Negli ultimi anni, i brand più lungimiranti hanno capito il potenziale di TikTok, trasformandolo in un vero e proprio asset strategico per il recruiting e la talent attraction. Qui non si tratta di promuovere un prodotto, ma di raccontare un’esperienza. Secondo uno studio di Kantar sul ruolo che i social media giocano oggi, specie per le nuove generazioni, nella ricerca di un lavoro, le piattaforme digitali sono sul podio dei canali più popolari per la ricerca del lavoro (47%), dopo i siti specializzati (57%) e le agenzie di recruiting (52%). In particolare, TikTok influenza la percezione di 7 utenti su 10 nei confronti di una certa azienda, rendendola più o meno attrattiva e contribuendo o meno alla sua capacità di retention dei talenti. Su TikTok, tutto si gioca in pochi secondi. Diversi studi sul comportamento degli utenti confermano che l’attenzione della Gen Z si concentra nei primi 10-15 secondi: è in quel brevissimo lasso di tempo che si decide se un contenuto è interessante oppure no.

Per le aziende, significa dover condensare messaggi di employer branding autentici e coinvolgenti in spazi narrativi rapidissimi. Conferma le evidenze il whitepaper «L’employer branding su TikTok» realizzato da Mambo, content factory italiana, parte di OneDay Group. Dall’analisi di Mambo emerge che «la partita della talent acquisition e retention si gioca sempre più sul campo dell’employer branding, soprattutto nei settori tech e comunicazione, dove aumenta la richiesta di benefit intangibili da parte dei giovani talenti, che chiedono alle imprese di raccontarsi e promuovere online i loro princìpi e asset valoriali, rendendosi così attrattive non solo attraverso compensazione e prospettive di carriera».

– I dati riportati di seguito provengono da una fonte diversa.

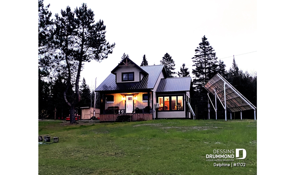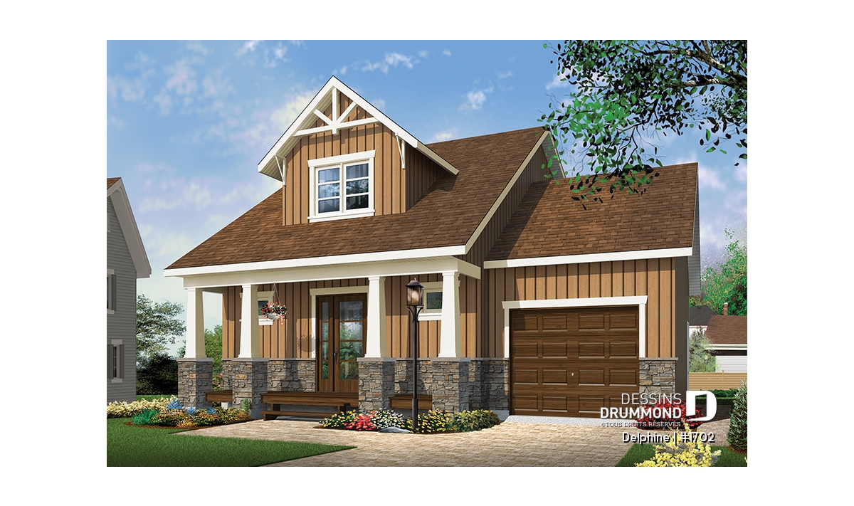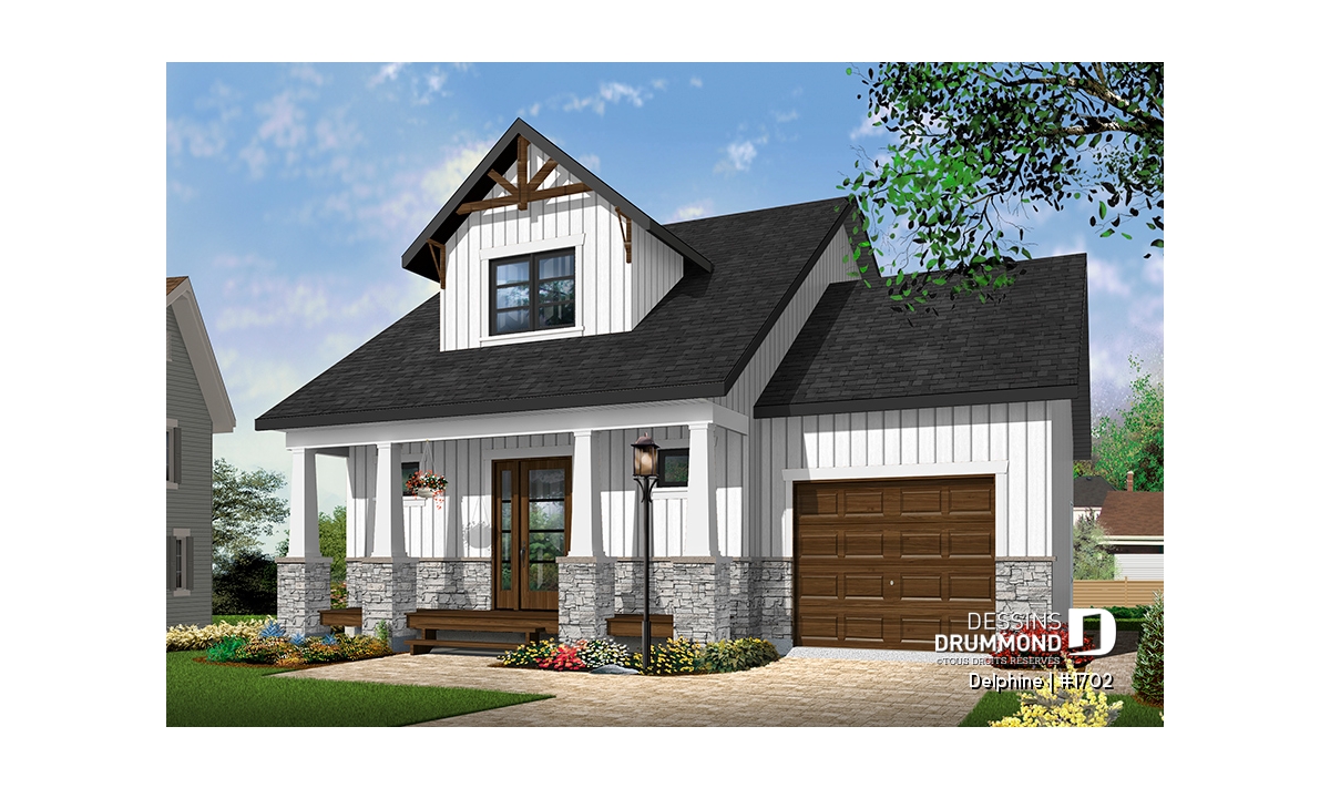 Le mariage de pierres, de colonnes et de garnitures ainsi que le grand balcon couvert à l'avant de ce nouveau modèle de style moderne / rustique, saura assurément vous séduire! En effet, comment ne pas tomber sous le charme de Delphine, avec son allure "mini-maison" luxueuse, son style champêtre et rustique à la fois, et son concept intérieur ultra fonctionnel. De l'entrée principale, vous rencontrez une salle d’eau complétée d’une buanderie avec rangement, puis une grande garde-robe double fort logeable. Dans la section arrière du rez-de-chaussée, le plan de plancher est entièrement à aire ouverte et comporte une cuisine, un espace salle à dîner pour 6+ personnes et une salle familiale très conviviale. Cette section s'étend sur toute la largeur et offre une vue sur la cour arrière et un accès à un balcon sur lequel vous serez heureux de recevoir famille & amis, ou d’y cuisiner un BBQ à l’occasion. Il y a un accès direct au garage, et un grand rangement est prévu dans ce secteur. Deux belles chambres à coucher à l'étage, bien fenêtrées, comportent chacune une grande garde-robe et se partagent une salle de bain complète avec vanité double. Le garage est prévu pour une voiture, et le sous-sol est aménageable. Il est à noter que plusieurs options de fondation sont disponibles, contactez le service à la clientèle pour information. De plus, ce modèle est facilement modifiable en ligne.

Il 75% dei potenziali candidati effettua ricerche online sulla reputazione aziendale prima di candidarsi per una posizione e il 70% dei candidati scarta a priori potenziali datori di lavoro con una cattiva reputazione. Già nel 2021, TikTok aveva testato il suo potenziale come canale di recruiting con il progetto pilota #TikTokResume, in collaborazione con aziende come Chipotle, Target e Shopify. Gli utenti potevano candidarsi a offerte di lavoro con un video-curriculum creativo, mostrando non solo le proprie competenze, ma anche personalità e spirito di iniziativa. Anche in Italia, brand come Roadhouse e BillyTacos hanno sperimentato il recruiting su TikTok con ottimi risultati. Roadhouse, ad esempio, ha ricevuto 1.836 candidature con un CPC (costo per candidatura) di appena 0,18€, mentre BillyTacos ha raccolto 401 curriculum con un CPC di 0,31€. Numeri che dimostrano quanto TikTok possa essere un canale efficace (e conveniente) per la talent acquisition. «L’errore più grande per le aziende è inseguire la viralità a tutti i costi» avverte Rognoni. «Meglio puntare sull’autenticità». TikTok premia la spontaneità e i contenuti che mostrano il lato umano di un’azienda.

È così che un’azienda diventa attraente per le nuove generazioni, non con spot preconfezionati. «Video sulla quotidianità lavorativa, come “un giorno nella vita di un dipendente”, testimonianze dei collaboratori e spezzoni di brainstorming o team building rendono concreto il valore aziendale. Anche consigli di carriera e suggerimenti per il mercato del lavoro offrono un valore aggiunto, creando un legame autentico con i candidati», conclude Rognoni.